TV drive tests the power of contrast

BYLN:

Financial advertising is so difficult,” says one agency account head who works for a major financial institution. “There is such strict consumer protection. If you want to advertise something like a mortgage you have to fill the thing with half a page of legal crap.”

Bartle Bogle Hegarty has spent the past six months deciding how to get around NatWest’s advertising difficulties. The result is a TV campaign with a split personality using two pieces of creative work.

The first ad is the sort of beautifully photographed work that BBH probably wanted to do for British Airways. It features a revolving landscape with images such as a swimmer, a grassy landscape and a child on a trampoline. The voiceover says “there are better things to do with your life”, telling consumers to let NatWest worry about things like pensions and life assurance. According to the bank it reflects corporate confidence, style and polish.

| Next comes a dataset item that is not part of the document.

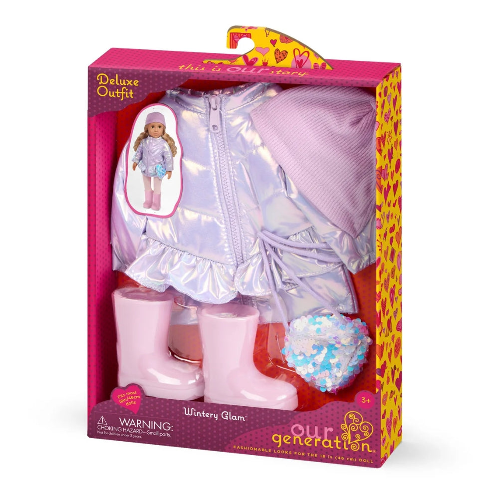 Our Generation baba ruhakészletünk fényes pehelykabáttal és flitteres táskával

The second commercial has a brasher, more “upstart” image. It revolves around a young man, snapping from an image of him playing a game of snooker, to him drinking, then talking to a NatWest small business advisor, driving and ultimately ending up on an airplane, with his girlfriend in tow, as the voiceover reminds you of NatWest’s small business services and Air Miles offers.

Alongside the 7.5m television campaign, NatWest will also run a series of monochrome press ads. These employ statements such as “who sends out 20,000 braille statements each month?” and “who has provided 9bn of loans to small businesses?”. The catchline, like that in the TV ads, is “NatWest. More than just a Bank.”

The new creative work has been greeted enthusiastically by NatWest, reaffirming BBH’s hold on the account which had been rumoured in the industry to be shaky. Although the campaign marks a complete change in creative direction, BBH’s chief executive John Bartle describes it as “a logical progression from the previous campaign”.